The presence or absence of certain taxa will allow other bacterial families/species to flourish or be inhibited, which in turn will alter host/microbial homeostasis, emphasising the need to consider communities and not bacteria in isolation. Furthermore, changes in one bacterium may not be significant functionally if the clade as a whole is unaffected. RF models can account for such interactions among taxa, and the ‘importance’ assigned to a taxon (Fig. 3b–e) takes these into account64. RF approaches have previously proved effective where ratios of Firmicutes to Bacteroidetes could not51 and could discriminate between patients with active Crohn’s disease and those in remission with ~ 70% accuracy65. Here we go one step further, by using the full range of clades in a phylogenetic tree as explanatory variables in the RF model. This avoids over-stretching the data by assigning a sequence read to one taxon rather than another, when it is in fact similarly close or distant to both. It also ensures that we do not lose power that is in the data e.g. clear phylogenetic structure among sequences that are closer than a given threshold (typically 97% identity used for OTUs66). The development of ‘de-noising’ approaches such as DADA267 and DEBLUR68 to generate amplicon sequence variants (ASVs) also goes some way to avoiding the problems of using universal similarity thresholds to define OTUs. However, different de-noisers can lead to different results69. We avoid such issues by using all sequence variants, whether true ASVs or sequencing errors. Given our well-controlled experiment, we do not expect different sequencing errors in different treatments. This expectation is consistent with the fact that we find the very rarest variants, which will be highly enriched for sequencing errors, are no better than random at distinguishing any of our treatments (Fig. 4e–h). This approach and our focus on differences among treatments comes at a cost—we do not even attempt to estimate the ‘true’ community composition of any particular sample or how well it’s captured by the data. Despite this, we are able to identify clear compositional differences and phylogenetic patterns in communities across the treatments studied.

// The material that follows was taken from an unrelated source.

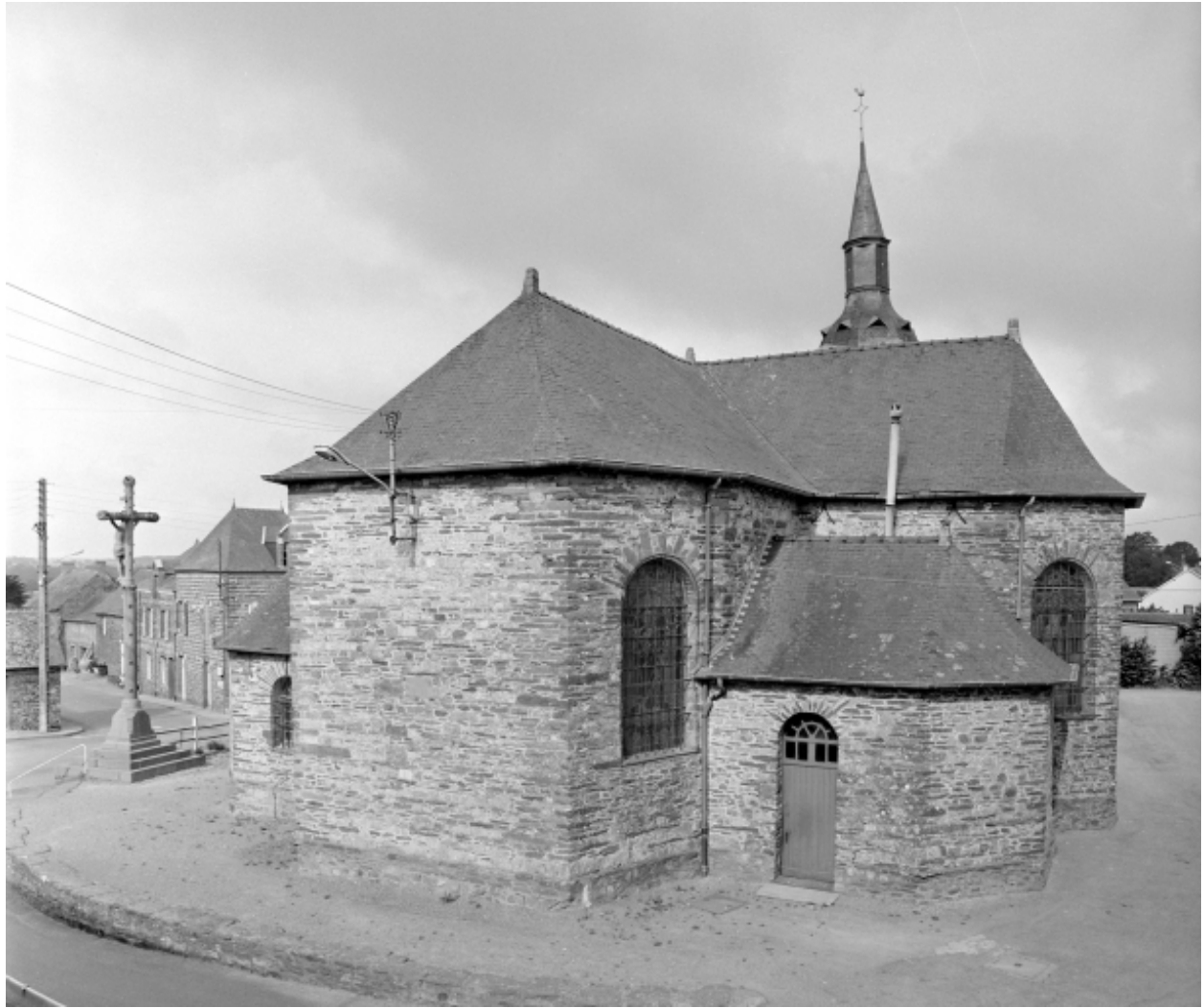
Elévation Est : vue générale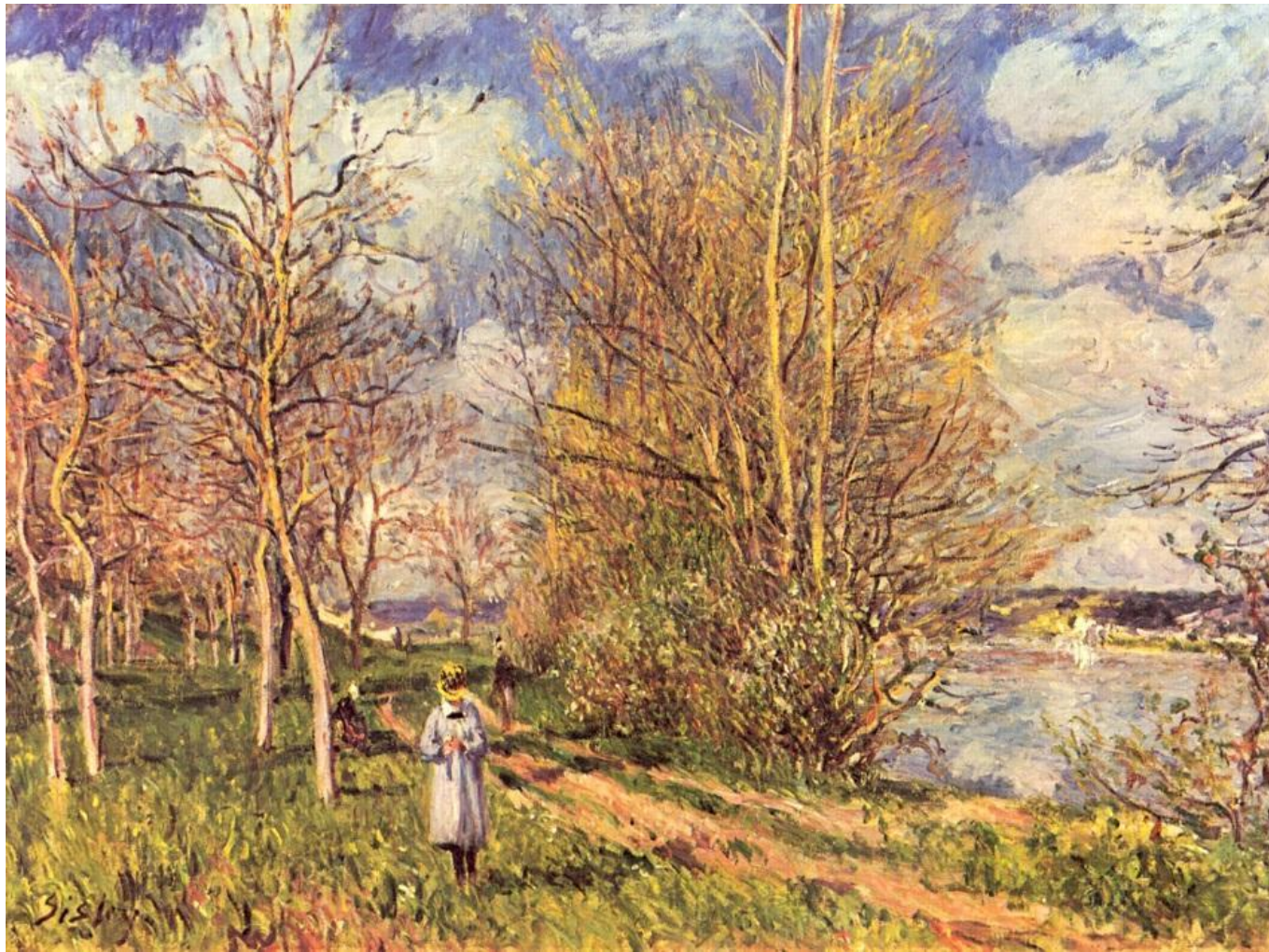
Импрессионизм. Альфред Сислей. «Лужайки весной»

In conclusion, taking a carefully designed factorial experiment involving co-housing of different genotypes of littermate mice, we have been able to identify major changes in the gut microbiome with age, niches, cages and mothers, but not genotype (Figs. 2, 3a). In particular, we highlight a clear impact on the gut microbial communities associated with these experimental factors, particularly cage and maternal effect with phylogenetic patterns that are in stark contrast to niche and age. Together, this work reveals the subtlety of the balance between homeostasis and difference in the gut microbiome, and emphasises the need to carefully account for host environment when performing future studies.